Bias Assessment

Tutorial 2 of 4

1. Introduction

This tutorial aims to guide you through the process of detecting and mitigating bias in AI systems. Bias in AI is a significant issue that can skew outcomes, often in ways that disadvantage certain groups. This tutorial will help you understand how to identify and deal with bias in AI.

By the end of this tutorial, you will learn about:

  • Different types of bias in AI
  • How to detect bias in your AI models
  • Techniques to mitigate bias

Prerequisites: A basic understanding of AI and machine learning is beneficial.

2. Step-by-Step Guide

a. Understanding Bias in AI

Bias in AI can occur due to various reasons like skewed data, prejudice in data collection, etc. It can lead to unfair outcomes, which can be harmful.

b. Detecting Bias in AI

Detecting bias involves evaluating your model's performance across different groups. For example, if your AI model is for credit approval, check if the approval rates differ across gender, age, or ethnicity.

c. Mitigating Bias in AI

Mitigating bias is a complex task that involves several steps like collecting diverse data, being transparent about your AI's limitations, and regularly reviewing and updating your AI models.

3. Code Examples

a. Detecting Bias

# Import necessary libraries
from sklearn.metrics import accuracy_score

# Let's assume y_test are the true labels and y_pred are the predicted labels
y_test = [...]
y_pred = [...]

# Calculate accuracy
total_accuracy = accuracy_score(y_test, y_pred)

# Calculate accuracy for a subgroup, e.g., females
female_accuracy = accuracy_score(y_test[female_indices], y_pred[female_indices])

# If there is a significant difference between total_accuracy and female_accuracy, there might be a bias

b. Mitigating Bias

# Let's assume we have a dataset with gender bias. We can mitigate it by upsampling the minority class

# Import necessary libraries
from sklearn.utils import resample

# Separate majority and minority classes
df_majority = df[df.gender=="male"]
df_minority = df[df.gender=="female"]

# Upsample minority class
df_minority_upsampled = resample(df_minority, 
                                 replace=True,     # sample with replacement
                                 n_samples=df_majority.shape[0],    # to match majority class
                                 random_state=123) # reproducible results

# Combine majority class with upsampled minority class
df_upsampled = pd.concat([df_majority, df_minority_upsampled])

# Now the data has less gender bias

4. Summary

In this tutorial, we covered different types of bias in AI, how to detect them, and techniques to mitigate them.
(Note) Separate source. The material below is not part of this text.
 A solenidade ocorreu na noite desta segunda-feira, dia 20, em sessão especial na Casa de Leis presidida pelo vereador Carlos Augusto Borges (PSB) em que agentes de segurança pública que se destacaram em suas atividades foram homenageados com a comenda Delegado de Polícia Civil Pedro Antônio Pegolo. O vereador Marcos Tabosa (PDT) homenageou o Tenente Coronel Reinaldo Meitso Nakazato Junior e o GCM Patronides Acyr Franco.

Keep in mind that completely eliminating bias is impossible, but we can reduce it to a certain extent.

5. Practice Exercises

  1. Exercise: Use the accuracy_score method from sklearn.metrics to calculate the accuracy of your model for different subgroups in your data.

Solution: The solution is similar to the code snippet in the 'Detecting Bias' section. Replace 'female_indices' with indices for the subgroup you want to calculate the accuracy for.
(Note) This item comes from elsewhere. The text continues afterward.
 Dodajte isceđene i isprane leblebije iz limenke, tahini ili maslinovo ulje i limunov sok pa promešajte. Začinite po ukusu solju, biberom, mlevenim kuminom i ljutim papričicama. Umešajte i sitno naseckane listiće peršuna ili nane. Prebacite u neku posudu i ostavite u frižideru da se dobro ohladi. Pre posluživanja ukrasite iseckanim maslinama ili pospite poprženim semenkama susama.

  1. Exercise: Use the resample method from sklearn.utils to upsample a minority class in your data and mitigate bias.

Solution: The solution is similar to the code snippet in the 'Mitigating Bias' section. Replace 'df_minority' and 'df_majority' with your minority and majority classes.

Remember, the key to dealing with bias is staying aware, constantly evaluating your models, and taking steps to mitigate bias when you find it. Happy learning!